Dr Sant's remarks were also insulting because they implied that the chairman of the authority had kept the resignation letter under wraps until Friday while telling him about it. Who had come up with this invention?
As for revisions, statistics were fine-tuned over a period of years, but it was worth recalling how, at the time of the Labour government, the employment statistics for many years had needed a thorough review and were dramatically changed.
Reacting to Mr Galea's questions, Dr Gonzi said the real problem for the Opposition was not Dr Cordina but the fact that if the official statistics were shown to be correct, they would belie what the Opposition had been saying about the economy for the past three years. Therefore, instead of admitting that the economy was doing well the Opposition tried to shoot the messenger. But that would not change the message.
Dr Gonzi said he did suspect that the Opposition was trying to undermine the euro adoption process. The Opposition was repeatedly showing that its u-turn on euro adoption was a matter of convenience, not conviction. In trying to undermine the NSO, however, the Opposition was harming its own credibility by trumpeting figures which were negative while casting doubts on statistics which showed progress.
Dr Gonzi said government criticism of the Ombudsman and the Author-General was nothing like what the Opposition had meted out against Dr Cordina.
Opposition leader Alfred Sant raised the subject again during the adjournment, saying Dr Gonzi's statement on the supposed resignation of Dr Cordina was shameful. He had focused on Dr Cordina's resignation while ignoring the real issue, which was the revision of official statistics made over the past few months in areas such as GDP, tourism, employment and the debt figures. Dr Gonzi had a duty to react to the technical questions raised by the Opposition on the way official statistics were present. His failure was fuelling a crisis of credibility in the country, Dr Sant said.
How could the NSO be said to be autonomous when appointments there and at the authority were made by the government?
Dr Gonzi had not given a direct reply when asked when he had learnt about Dr Cordina's resignation.
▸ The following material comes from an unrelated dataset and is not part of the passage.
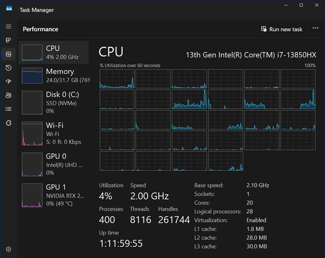În definitiv am găsit un ștou. Am dezactivat ”efficiency cores” – ăstea sunt niște nuclee subalimentate, care să rezolve taskuri simple cu consum redus de curent, doar că nu știe nici pula să le facă management și alocă procese pe ele aiurea. AȘ PUTEA, condițional optativ, să fac setări din task manager și să forțez aplicațiile active care folosesc alea să nu le mai folosească și să mă lase dracului în pace, dar cine pula mea stă de asta și de ce.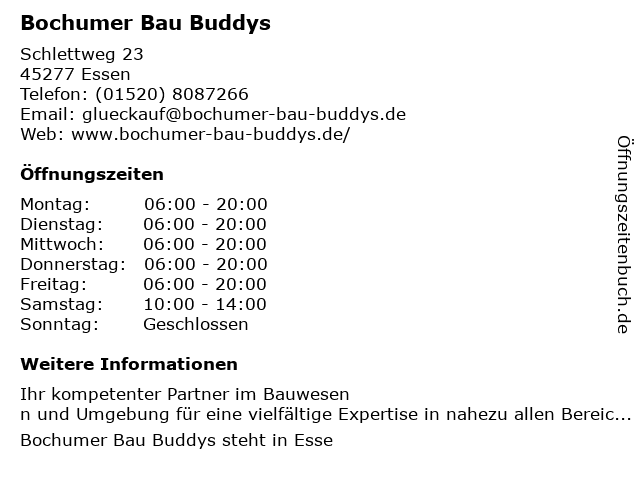 | Öffnungszeiten Bochumer Bau Buddys in Essen anzeigen | |

The Opposition had known beforehand and Dr Gonzi knew three days before but would not admit it.
Furthermore Dr Gonzi had not proved that Dr Cordina was personally attacked, producing only an article called "On a string" penned by Dr Sammut last September, an article five months ago by Mr Brincat, another article on January 8 called Flash Gordon also by Dr Sammut, three articles by Lino Cassar and a small article by Joe Debono Grech. If Dr Cordina had resigned because of this, he had no case. This was only an excuse to hide the real problem which was the manipulation of statistics.
Dr Sant said the flash point for the Opposition were the concerns raised by persons monitoring official figures within the NSO itself. The Opposition was not prepared to reveal their identity because everyone knew what happened in the past to persons who worked with integrity. Their integrity would be respected however.
Dr Sant said the technical debate would continue, independently of the resignation. He said the NSO's reaction to the MLP's technical report on the GDP figures was hollow, weak and ignored imprtant elements of the MLP's study. The Prime Minister should declare whether he agreed with it, but the MLP would issue its own reaction this Saturday.
Malta needed integrity in its governance, Dr Sant said and the Prime Minister needed to address the issues.